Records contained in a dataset
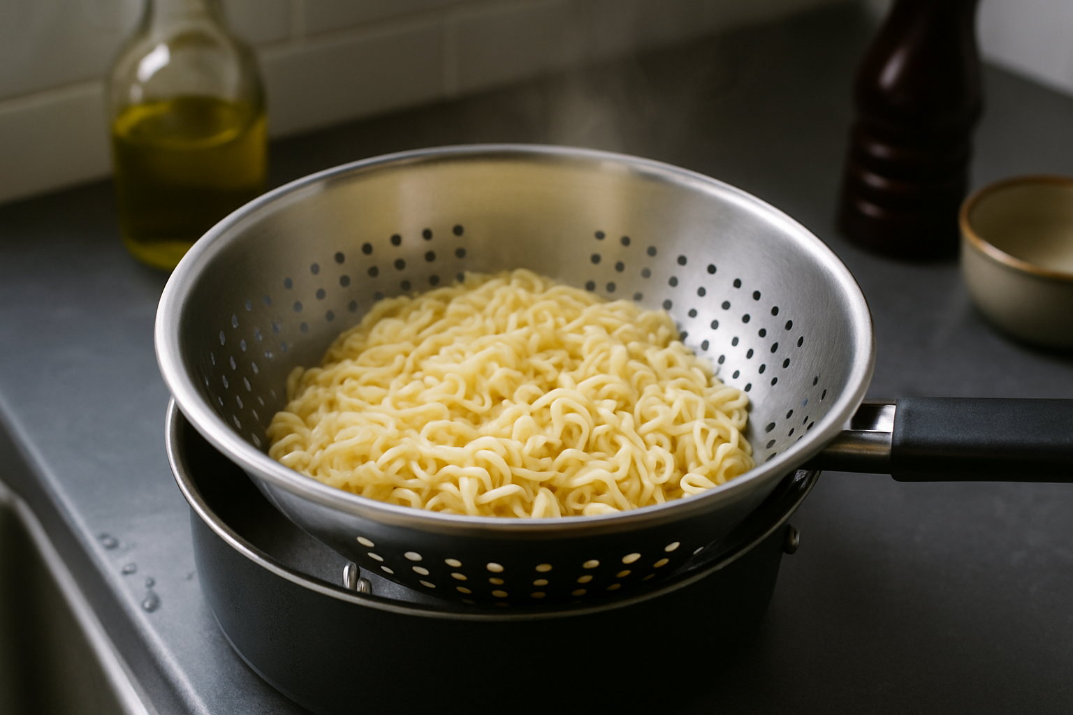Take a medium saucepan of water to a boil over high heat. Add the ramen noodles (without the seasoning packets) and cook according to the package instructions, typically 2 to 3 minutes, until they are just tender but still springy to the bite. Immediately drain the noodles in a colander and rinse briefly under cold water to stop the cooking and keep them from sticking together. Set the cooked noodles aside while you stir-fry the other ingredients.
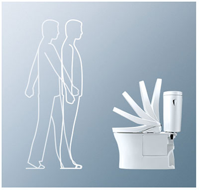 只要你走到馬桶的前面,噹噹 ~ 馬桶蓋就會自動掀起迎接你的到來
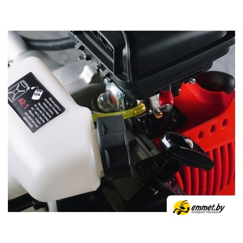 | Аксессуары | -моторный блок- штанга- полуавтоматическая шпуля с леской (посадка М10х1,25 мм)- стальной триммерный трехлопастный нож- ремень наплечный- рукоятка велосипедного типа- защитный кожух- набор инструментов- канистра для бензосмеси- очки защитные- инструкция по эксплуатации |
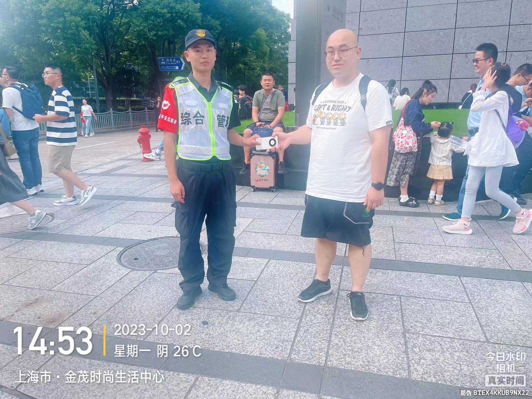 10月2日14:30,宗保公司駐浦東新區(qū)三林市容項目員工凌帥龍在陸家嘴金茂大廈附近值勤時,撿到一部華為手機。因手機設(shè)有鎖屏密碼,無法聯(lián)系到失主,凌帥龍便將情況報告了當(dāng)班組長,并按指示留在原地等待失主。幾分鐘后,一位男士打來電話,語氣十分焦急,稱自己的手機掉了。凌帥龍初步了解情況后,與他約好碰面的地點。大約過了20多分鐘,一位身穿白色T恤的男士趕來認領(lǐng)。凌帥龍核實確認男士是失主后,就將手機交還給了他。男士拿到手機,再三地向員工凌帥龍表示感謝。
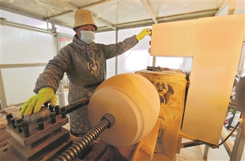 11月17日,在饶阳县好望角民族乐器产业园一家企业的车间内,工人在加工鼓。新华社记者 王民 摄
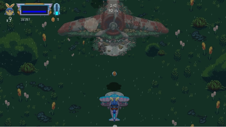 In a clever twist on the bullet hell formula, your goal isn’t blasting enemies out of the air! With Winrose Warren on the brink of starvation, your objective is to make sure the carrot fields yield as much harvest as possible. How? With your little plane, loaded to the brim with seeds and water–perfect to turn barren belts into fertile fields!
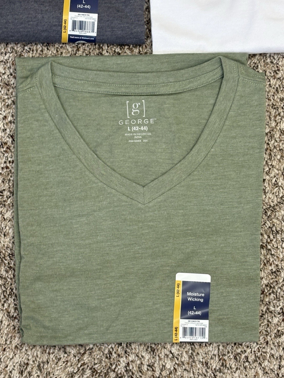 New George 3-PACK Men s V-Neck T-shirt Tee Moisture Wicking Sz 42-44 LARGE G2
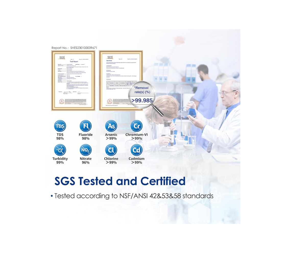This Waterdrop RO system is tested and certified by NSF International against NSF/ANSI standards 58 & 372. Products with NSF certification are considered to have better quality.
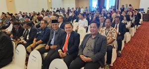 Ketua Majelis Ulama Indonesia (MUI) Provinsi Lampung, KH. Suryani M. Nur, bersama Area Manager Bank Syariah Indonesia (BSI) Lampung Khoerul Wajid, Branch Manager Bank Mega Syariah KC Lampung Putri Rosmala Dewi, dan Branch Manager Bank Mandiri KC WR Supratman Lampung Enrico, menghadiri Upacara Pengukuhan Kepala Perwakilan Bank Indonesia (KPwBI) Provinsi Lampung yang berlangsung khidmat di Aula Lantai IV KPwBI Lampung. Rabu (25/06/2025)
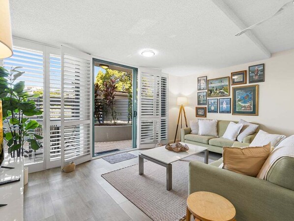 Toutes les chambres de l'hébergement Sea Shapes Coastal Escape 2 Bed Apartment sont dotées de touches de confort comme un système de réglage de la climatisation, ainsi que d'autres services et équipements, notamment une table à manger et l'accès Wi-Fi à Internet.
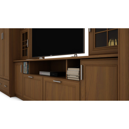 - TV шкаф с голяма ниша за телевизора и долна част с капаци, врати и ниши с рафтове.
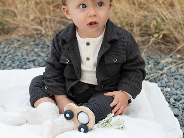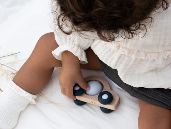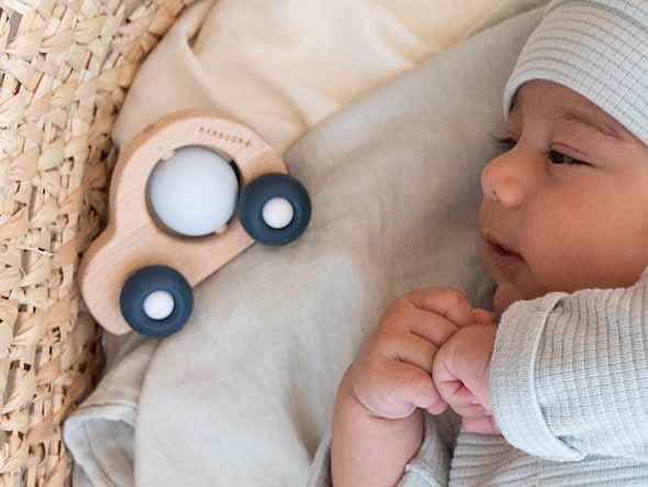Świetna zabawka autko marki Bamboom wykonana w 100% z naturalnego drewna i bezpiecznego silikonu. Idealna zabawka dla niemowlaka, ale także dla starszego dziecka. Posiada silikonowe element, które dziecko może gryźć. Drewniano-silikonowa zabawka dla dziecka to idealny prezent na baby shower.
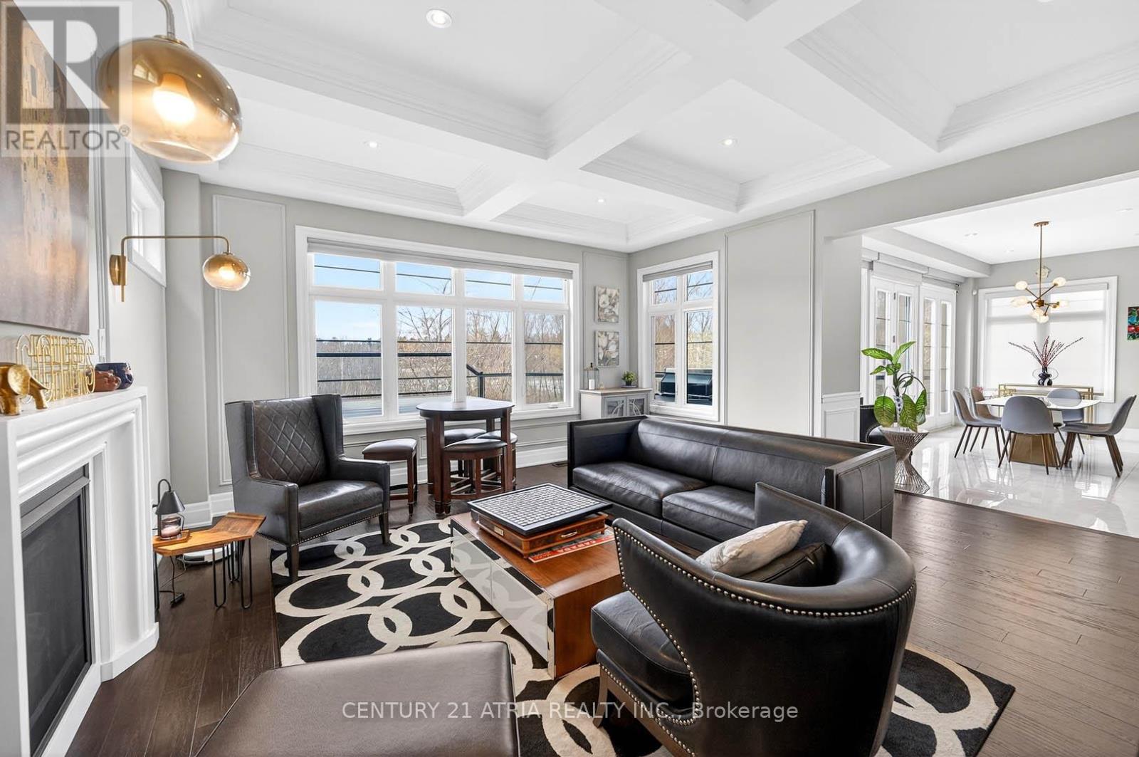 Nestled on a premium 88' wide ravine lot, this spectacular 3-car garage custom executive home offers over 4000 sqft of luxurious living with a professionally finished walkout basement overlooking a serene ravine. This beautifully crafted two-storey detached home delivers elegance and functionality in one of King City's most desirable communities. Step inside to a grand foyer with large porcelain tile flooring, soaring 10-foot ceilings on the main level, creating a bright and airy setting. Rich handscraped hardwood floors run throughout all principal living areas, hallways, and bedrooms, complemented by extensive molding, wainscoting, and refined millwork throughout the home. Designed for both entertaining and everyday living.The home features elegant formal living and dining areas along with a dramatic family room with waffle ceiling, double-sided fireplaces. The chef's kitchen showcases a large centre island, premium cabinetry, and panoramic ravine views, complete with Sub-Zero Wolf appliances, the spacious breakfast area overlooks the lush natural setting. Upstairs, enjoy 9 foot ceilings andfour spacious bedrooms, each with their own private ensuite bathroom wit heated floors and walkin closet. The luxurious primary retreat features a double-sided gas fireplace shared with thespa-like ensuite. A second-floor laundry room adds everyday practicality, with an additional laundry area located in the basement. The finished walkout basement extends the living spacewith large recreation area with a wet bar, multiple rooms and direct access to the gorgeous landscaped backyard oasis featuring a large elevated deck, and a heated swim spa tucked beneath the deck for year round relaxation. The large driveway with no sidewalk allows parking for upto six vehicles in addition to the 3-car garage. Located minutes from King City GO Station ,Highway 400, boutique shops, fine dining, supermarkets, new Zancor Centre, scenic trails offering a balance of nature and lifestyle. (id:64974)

**What to work on**: Copy only what lies between the line with "This Waterdrop RO" and the line with "Toutes les chambres", those two lines included, exactly as given above; pictures stay out.

**Response area**:
This Waterdrop RO system is tested and certified by NSF International against NSF/ANSI standards 58 & 372. Products with NSF certification are considered to have better quality.
 Ketua Majelis Ulama Indonesia (MUI) Provinsi Lampung, KH. Suryani M. Nur, bersama Area Manager Bank Syariah Indonesia (BSI) Lampung Khoerul Wajid, Branch Manager Bank Mega Syariah KC Lampung Putri Rosmala Dewi, dan Branch Manager Bank Mandiri KC WR Supratman Lampung Enrico, menghadiri Upacara Pengukuhan Kepala Perwakilan Bank Indonesia (KPwBI) Provinsi Lampung yang berlangsung khidmat di Aula Lantai IV KPwBI Lampung. Rabu (25/06/2025)
 Toutes les chambres de l'hébergement Sea Shapes Coastal Escape 2 Bed Apartment sont dotées de touches de confort comme un système de réglage de la climatisation, ainsi que d'autres services et équipements, notamment une table à manger et l'accès Wi-Fi à Internet.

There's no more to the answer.